• INFORMATION SHOWN
────────────────

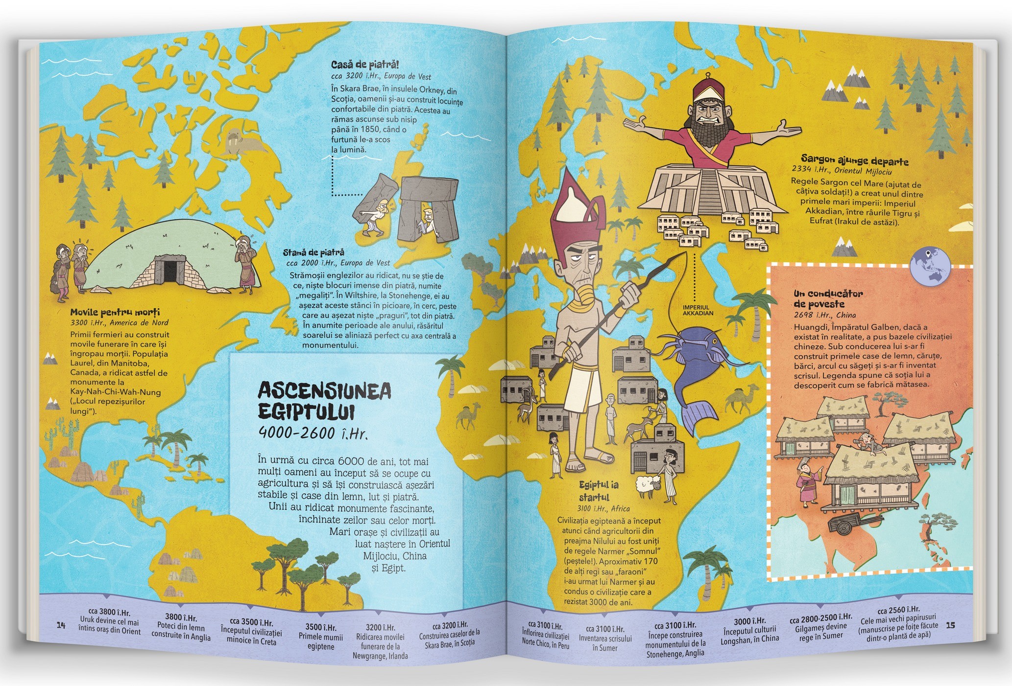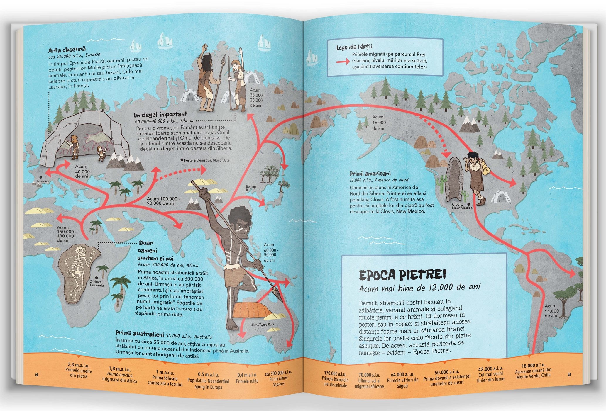 Faptele istorice sunt prezentate cronologic, pe hărți ilustrate, astfel încât copiii să înțeleagă ce se întâmpla în lume în aceeași perioadă de timp.
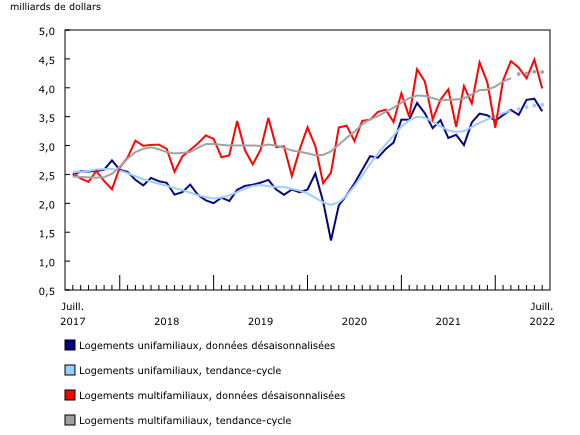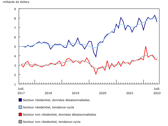 En juillet, la valeur des permis de bâtir du secteur résidentiel a diminué de 8,6 % pour se chiffrer à 7,6 milliards de dollars à l’échelle nationale. Les fortes augmentations observées en Colombie-Britannique et au Québec ont été contrebalancées par les faibles intentions de construction enregistrées dans six autres provinces.
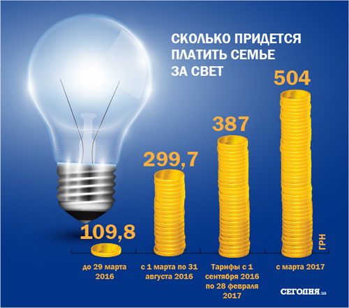 Еще в прошлом году НКРЭКУ приняла постановление N220, согласно которому электроэнергия в Украине должна подорожать почти в пять раз. До апреля прошлого года семья, которая потребляет от 100 до 600 кВт/час электроэнергии в месяц, платила за каждый киловатт 36,6 копеек. В сентябре прошлого года тариф подняли до 78,9, а сегодня – до 99 копеек.

────────────────

• AIM OF THE EXERCISE
A word-for-word copy of all the data, without pictures, is the expected output.

• RESPONSE AREA
 Faptele istorice sunt prezentate cronologic, pe hărți ilustrate, astfel încât copiii să înțeleagă ce se întâmpla în lume în aceeași perioadă de timp.
 En juillet, la valeur des permis de bâtir du secteur résidentiel a diminué de 8,6 % pour se chiffrer à 7,6 milliards de dollars à l’échelle nationale. Les fortes augmentations observées en Colombie-Britannique et au Québec ont été contrebalancées par les faibles intentions de construction enregistrées dans six autres provinces.
 Еще в прошлом году НКРЭКУ приняла постановление N220, согласно которому электроэнергия в Украине должна подорожать почти в пять раз. До апреля прошлого года семья, которая потребляет от 100 до 600 кВт/час электроэнергии в месяц, платила за каждый киловатт 36,6 копеек. В сентябре прошлого года тариф подняли до 78,9, а сегодня – до 99 копеек.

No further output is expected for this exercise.